UNE LOI PAS TOUJOURS RESPECTÉE
Une loi pour faire respecter le principe d’information du malade a été votée en 2002. Elle est très claire:

«Toute personne a le droit d’être informée sur son état de santé. Cette information porte sur les différentes investigations, traitements ou actions de prévention qui sont proposés, leur utilité, leur urgence éventuelle, leurs conséquences, les risques fréquents ou graves normalement prévisibles qu’ils comportent ainsi que sur les autres solutions possibles et sur les conséquences prévisibles en cas de refus.»

Mais aujourd’hui encore, cette loi n’est pas bien respectée. Les médecins se retranchent derrière leur code de déontologie et expliquent qu’ils font du cas par cas.

Pierre Bergé est président de Sidaction, une association qui milite aux côtés des malades contre les discriminations et contre les tabous. Mais en révélant qu’il a caché à son compagnon la maladie qui le frappait, il va à l’encontre des principes qu’il est supposé défendre.

Sur ces questions de la maladie, de la fin de vie, de la mort, il n’est pas question de polémiquer. Être confronté, jeune ou moins jeune, à la maladie et à la disparition d’un-e proche est une expérience humaine qui teste nos limites. Durant les mois, les semaines qui précèdent le décès, on peut passer par des dizaines d’états différents: parfois on est avec le malade qui se bat, parfois on va trouver qu’il ne se bat pas assez. Parfois, on aurait envie que cela s’arrête tout de suite, puis quand une phase de rémission survient et que l’être aimé a repris un peu du poil de la bête, on se sent soulagé et heureux de s’être battu, avec lui et pour lui. À un certain moment, on va penser qu’il se laisse aller, à un autre moment, on a envie de lui dire de lâcher prise. Il faut se faire violence dans ces moments-là pour ne pas sombrer dans l’autoritarisme et l’envie de tout contrôler. Une chose est d’entendre la souffrance des proches, une autre est d’oublier la personne humaine.

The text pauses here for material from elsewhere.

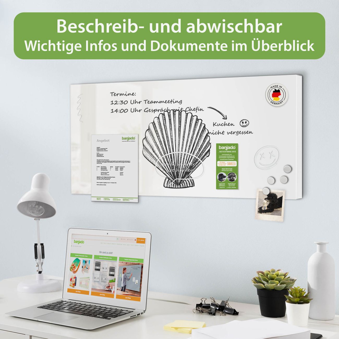 FUNKTION: Die banjado Magnettafel 78x37 cm im Design Motiv Muschel 6 vereint Funktionalität und modernes Wohndesign auf stilvolle Weise. Diese hochwertige Magnetwand aus Metall hilft Ihnen dabei, Notizen, Fotos, Termine, Einkaufslisten oder Rezepte übersichtlich zu organisieren. Als praktisches Memoboard sorgt sie für Struktur im Alltag und setzt gleichzeitig einen dekorativen Akzent an Ihrer Wand. DESIGN: Die Metalltafel besteht aus robustem, lackiertem Stahl und ist mit allen handelsüblichen Magneten nutzbar. Besonders praktisch ist die beschreibbare Oberfläche. Sie können die Magnettafel ganz einfach mit Kreidestiften beschriften und die Inhalte bei Bedarf mit einem feuchten Tuch wieder entfernen. So eignet sich das Memoboard ideal für Wochenpläne, Menüpläne, To Do Listen oder kreative Botschaften. DETAILS: Mit ihrem großzügigen Querformat von 78x37 cm bietet die Magnettafel ausreichend Platz für Ihre Organisation. Das Motiv Motiv Muschel 6 bringt eine warme, natürliche Optik in Küche, Flur, Büro oder Homeoffice und wirkt auch ohne Magnete oder Beschriftung wie ein modernes Wandbild. NUTZEN: Auf der Rückseite befinden sich vorgefertigte Löcher für eine schnelle und unkomplizierte Wandmontage. Jede banjado Magnettafel wird in Deutschland gefertigt und steht für Qualität, Langlebigkeit und liebevolle Verarbeitung. Dieses beschreibbare Memoboard ist die perfekte Kombination aus Metalltafel, Designobjekt und praktischer Magnetwand für Ihren Alltag. BANJADO: Wir sind ein kleines Team aus dem Herzen von Sachsen. Wir fertigen alle Artikel von Hand für Sie an, Sie erhalten keine preiswerte Importware. Auf Wunsch können Sie auch Ihr eigenes Foto auf die Magnettafel aufbringen, schreiben Sie uns an. Herzlichst, Ihr banjado-Team

RESPECT ENVERS LA PERSONNE MALADE
Face à la maladie et à la mort, que ma génération de gays a connues dans une dimension qu’on était loin d’imaginer dans les années 80 et 90, il faut savoir faire preuve d’infiniment de respect envers la personne malade. Même si cela va à l’encontre de ce que l’on croit bon pour elle. J’ose une lapalissade: tant qu’elle n’est pas morte, elle est encore vivante. Tant qu’elle peut s’exprimer, qu’elle s’exprime et que sa volonté soit respectée. Si elle en a marre, ce n’est pas à nous de décider à sa place. Mais tout cela commence par l’information, honnête et complète.

Après des années de silence autour de la maladie, des personnes vivant avec le sida ont témoigné, pour donner un visage à l’épidémie, elles se sont battues pour faire avancer la recherche, leurs droits, pour sauver des vies. Le combat pour le droit des malades, de tous les malades sans exclusive, a progressé et il doit beaucoup à la lutte contre le sida. Il faut appliquer à soi-même ce pour quoi on se bat. Même si cela est difficile. Même si l’on doit «traîner des mois et des mois des gens qui souffrent». Il faut se battre pour faire respecter la loi de 2002 et rappeler, pendant ces journées de mobilisation contre le sida, que rien ne peut se faire pour les malades sans les malades.

Photo: En janvier 2002, Yves Saint Laurent annonce qu’il met fin à sa carrière.

Christophe Martet est le directeur de la publication de Yagg.